Official Release for RandBLAS 1.0

Compare
Choose a tag to compare
@rileyjmurray rileyjmurray released this 13 Sep 01:39
· 8 commits to main since this release

 
Today marks RandBLAS' second-ever release, its first stable release, and its first release featuring the contributions of someone who showed up entirely out of the blue (shoutout to Rylie Weaver)!

New features for core functionality

The semantics of SparseDist::major_axis have changed in RandBLAS 1.0. As a result of this change, SparseSkOps can represent LESS-Uniform operators and operators for plain row or column sampling with replacement. (This is in addition to hashing-style operators like CountSketch, which we've supported since version 0.2.)
 
We have four new functions for sampling from index sets.

  • weights_to_cdf
  • sample_indices_iid
  • sample_indices_iid_uniform
  • repeated_fisher_yates

We have two new functions for getting low-level data for a sketching operator's explicit representation: fill_dense_unpacked and fill_sparse_unpacked_nosub. These are useful if you want to incorporate RandBLAS' sketching functionality into other frameworks, like Kokkos, cuBLAS, or MKL.
 
Finally, there's sketch_symmetric, overloaded for sketching from the left or right.

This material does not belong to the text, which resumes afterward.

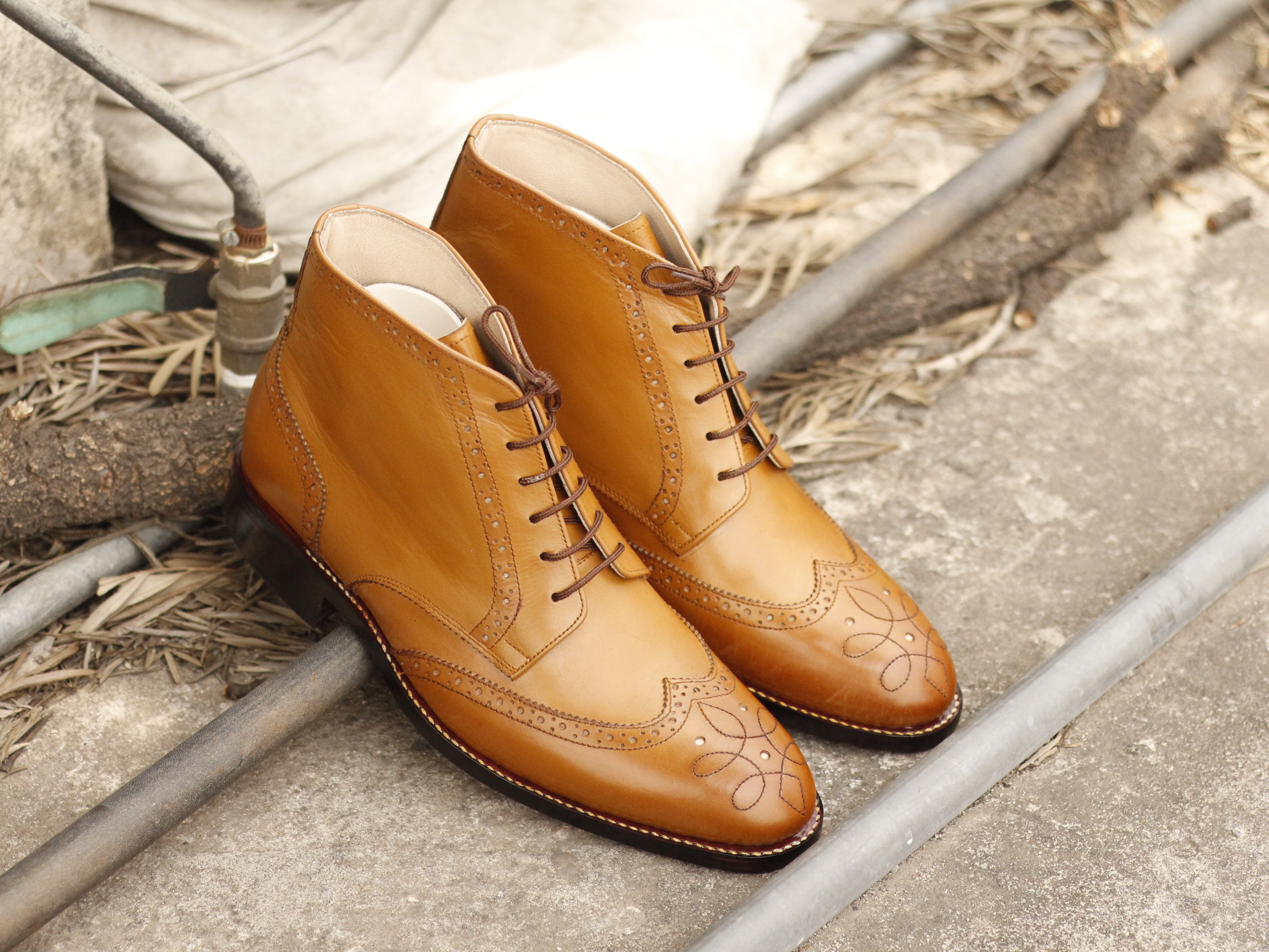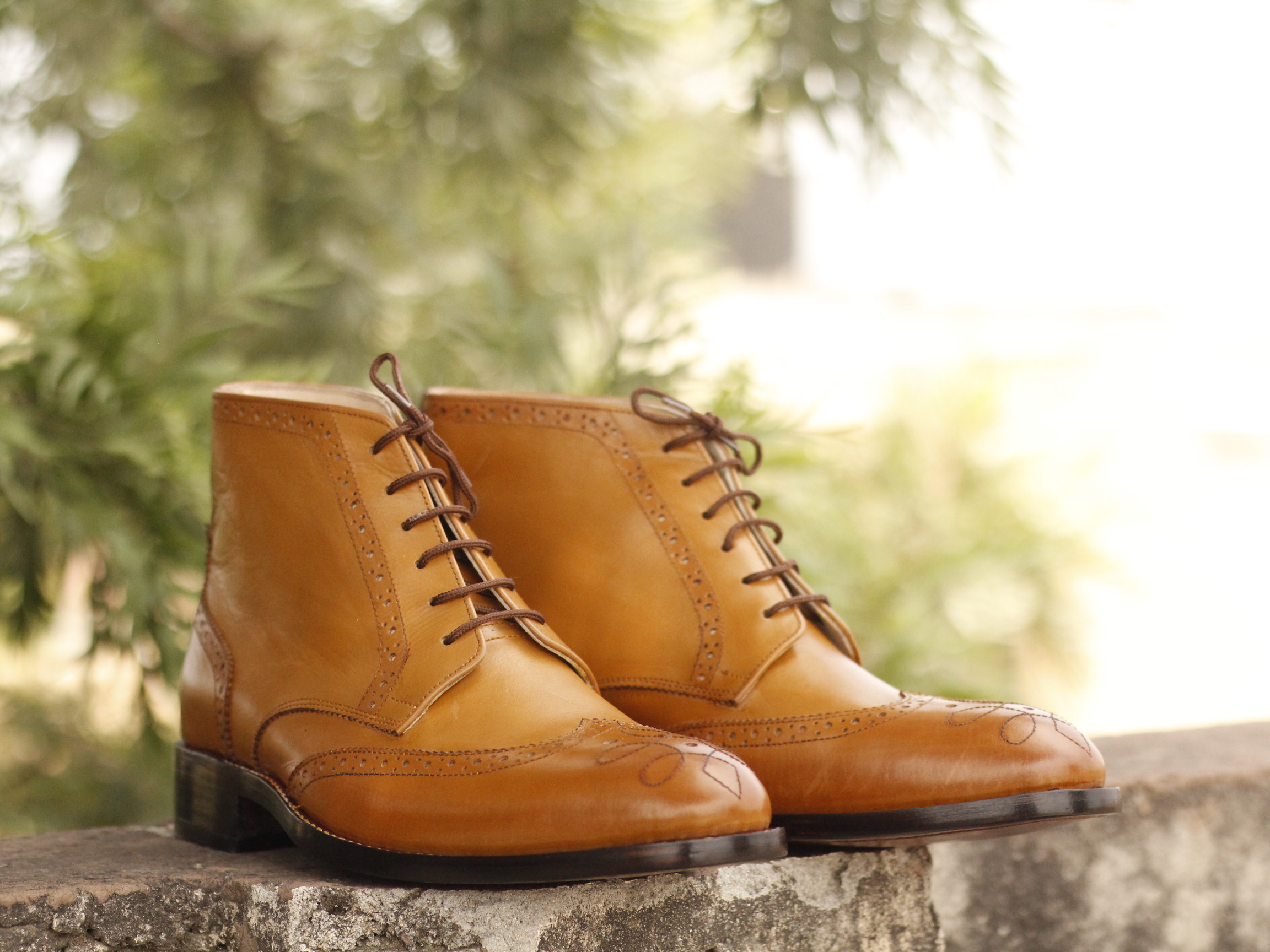 Hand Crafted Men's Tan Wing Tip Ankle boots, leather boots, Lace Up formal boot for Men

Quality-of-life improvements

  • We've significantly expanded the tutorial part of our web docs. It now has details on updating sketches and some advice on choosing parameters for sketching distributions.
  • Error is now in the public API.
  • print_buff_to_stream is for writing MATLAB-style or NumPy-style string representations of matrices to a provided stream, like std::cout.
  • We settled on a unified memory-management / memory-ownership policy. There's no difference between DenseSkOp, SparseSkOp, or any of the sparse matrix types. The abstract policy is described in our web documentation. The consequences of the policy for each of the aforementioned types is documented in source code and on our website.
  • We added a few utility functions for working with dense matrices: symmetrize, overwrite_triangle, and transpose_square.

Significantly revised APIs for sketching distributions and operators

  • Added new SketchingDistribution and SketchingOperator C++20 concepts.
  • API revisions to DenseDist/DenseSkOp and SparseDist/SparseSkOp were mostly about taking quantities which we would compute from an object's const members with free-functions, and instead making those quantities const members themselves. Good examples of this are DenseDist::isometry_scale and SparseDist::isometry_scale, whose meanings are explained in the SketchingDistribution docs.
  • DenseSkOp::next_state and SparseSkOp::next_state are computed at construction time, without actually performing any random sampling. This means that one can define a sequence of independent sketching without changing an RNGState's "key" and without realizing any of them explicitly.        

Statistical tests

  • Kolmogorov–Smirnov tests for distributional correctness of sample_indices_iid, sample_indices_iid_uniform, repeated_fisher_yates, and the scalar distributions that can be used with DenseSkOp (standard-normal and uniform over [-1,1]).
  • Tests for subspace embedding properties of DenseSkOp. A forthcoming paper will describe how these tests cover a wide range of relevant parameter values at very mild computational cost.
  • We've incorporated select tests from Random123 into our testing framework.

Contributors

I'd like to start by acknowledging the contributions of Parth Nobel (@PTNobel) to RandBLAS' development. Parth and I have worked on-and-off on several projects involving RandNLA algorithms. None of these projects has been published yet, but they've had a significant role in uncovering bugs and setting development priorities for RandBLAS. (As a recent example in the latter category, I probably wouldn't have added the "sample_indices_iid" function were it not for its relevance to one of our projects.) This led me to be quite surprised when I noticed that Parth technically hasn't made a commit to the RandBLAS repository! Let this statement set the record straight: Parth has made very real contributions to RandBLAS, even if the commit history doesn't currently reflect that.
 
Rylie Weaver (@RylieWeaver), the aforementiƒoned out-of-the-blue contributor, helped write our Kolmogorov–Smirnov tests for repeated Fisher–Yates.
 
I wrote a lot of code (as one might imagine).

Funding acknowledgements

This work was wholly supported by LDRD funding from Sandia National Laboratories.
 
Sandia National Laboratories is a multi-mission laboratory managed and operated by National Technology and Engineering Solutions of Sandia, LLC., a wholly owned subsidiary of Honeywell International, Inc., for the U.S. Department of Energy’s National Nuclear Security Administration under contract DE-NA-0003525.